Статьи, составившие «Волшебство экрана», не только объединены панорамным охватом людей и событий тогдашнего мирового кинематографа, но и отмечены своеобразной и по-своему цельной композицией, сочетающей в себе неожиданные фабульные повороты, разные «крупности», дальние и близкие отступления, хотя некоторые из сюжетных линий (как, например, судьбы русской кинематографии за рубежом) вопреки обещанию автора так и остались недописанными. Особенно впечатляет художественная эрудиция автора, задолго до теоретических штудий С. Эйзенштейна нашедшего исторические и искусствоведческие аналоги и сопоставления любому явлению экрана или ведомому ему знаку киноязыка, законы которого он постигал и формулировал, может быть, архаично, но честно, пытаясь понять их и сформулировать в общедоступной форме.
Не вдаваясь в злободневные частности, нельзя не признать, что эстетические предпочтения Левинсона оказались безукоризненными: он первым признал Гриффита и Чаплина и обосновал их исключительное место в искусстве кинематографа[533]. Одно лишь это дает ему право занять почетное место не только в отечественной, но и в мировой истории киномысли.
Обращение Левинсона к кинематографу произвело огромное впечатление на современников в Зарубежье и даже – сквозь кордоны – в СССР[534]. Надо иметь в виду, что именно его статьи о кино стали источником полемической рефлексии не только П. Муратова[535], которому Левинсон успел ответить в одной из статей цикла («Кинематограф как “антиискусство”»), но и В. Ходасевича[536]. Однако дело не ограничилось лишь полемикой с противниками кинематографа. Открыв и освоив новую область художественной критики, Левинсон на много лет вперед простимулировал весьма плодотворное обращение к кинокритике многих литераторов, начиная от С. Волконского и до Г. Адамовича включительно[537].
Печатается по: Киноведческие записки. 1999. № 43.

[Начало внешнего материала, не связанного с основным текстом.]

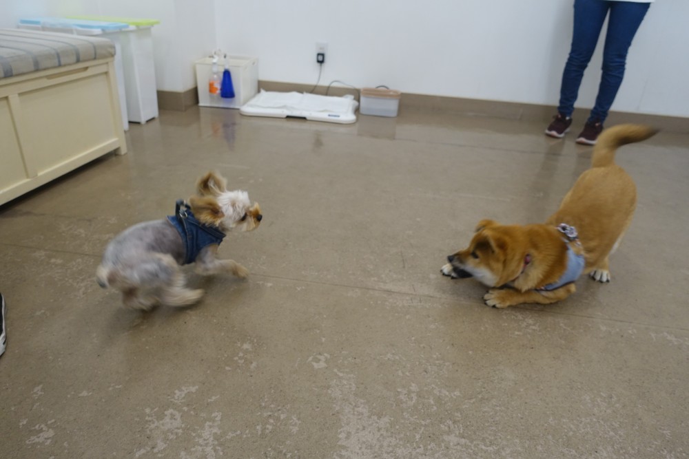 ヨークシャーテリアのおかきちゃんが一番さくらちゃんへアピールをしてくれていたのですが、今日一日でとっても仲良くなっていました♪

Рашит Янгиров ЗАБЫТЫЙ КИНОКРИТИК СЕРГЕЙ ВОЛКОНСКИЙ
Имя Сергея Михайловича Волконского (1860–1937) давно и прочно было забыто соотечественниками и лишь в самое последнее время вновь обозначилось в поле нашего культурного зрения[538]. Между тем его «труды и дни» принадлежат к лучшим, вершинным страницам не только русской, но и европейской художественной мысли нашего столетия, органично растворяясь в сферах различных искусств. Отличительной чертой колоритной индивидуальности Волконского был неостывающий и всеобъемлющий интерес к миру творчества, в котором сам он, по мироощущению принадлежа всецело к культуре Серебряного века, реализовал особые эстетические принципы, синтезировавшиеся в оригинальной теории сценической культуры.